All of our colonized historians use this calendar
- they give dates using the terms AD and BC
- so that belief in Christ (as our Lord) is asserted in every date
- though historicity of Jesus is very doubtful.
- The colonized think imitating the West (long dominated by the church) is secular!😀
- Hence, also, our only two secular festivals Independence Day and Republic day
- are defined only on the Roman-Christian calendar
- though that term is never used.
But scientific Indian calendar
- is called Hindu calendar
- although it is clearly used also by Buddhists, Jains, Sikhs
Critical point
- Roman-Christian calendar is bad because of bad Roman-Christian arithmetic
- which lacks fractions
- hence could not depict the (tropical or sidereal) year accurately
- and could not calculate the "synodic" month
- still determined by religious authority of a synod or priest.
Egyptians HAD unit fractions
- as in the famous "Eye of Horus fraction"
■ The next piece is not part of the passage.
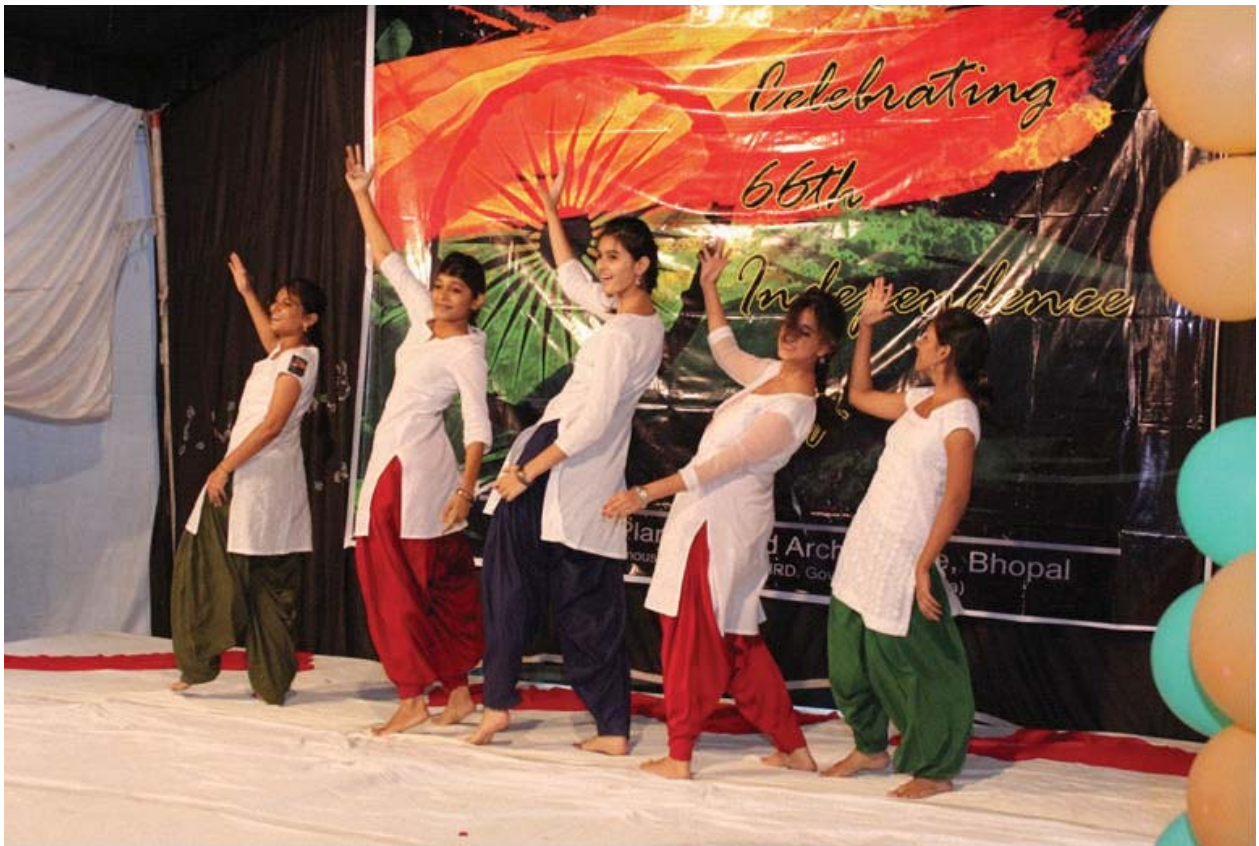
Independence Day 2012 was celebrated at SPA Bhopal

- but inferior Graeco-Roman arithmetic had no way to depict general fractions
- Can't write \(\frac{4}{5}\) as \(\frac{IV}{V}\) (then cancel the V?! 😀)
- Hence used the primitive system of leap years.
Christoph Clavius, author of the Gregorian reform
- introduced Indian fractions (direct from India) as practical mathematics in the Jesuit syllabus in ca. 1576
- but due to widespread ignorance of fractions in Roman-Christian Europe then
- the Gregorian calendar continues to use the primitive system of leap years.
Calendar still inferior and unscientific
- Consequently it does not get the tropical year right from year to year
- but only on a thousand year average.
- The Gregorian calendar is still bad an unscientific
- but, for us, aping the West means being superior!
Key point: ALL these cases
- of arithmetic, algebra, trigonometry
- involved various degrees of conceptual incomprehension
- by Europeans while copying from Indians
- but we have declared the duffer as "superior"
- and are playing "follow the leader".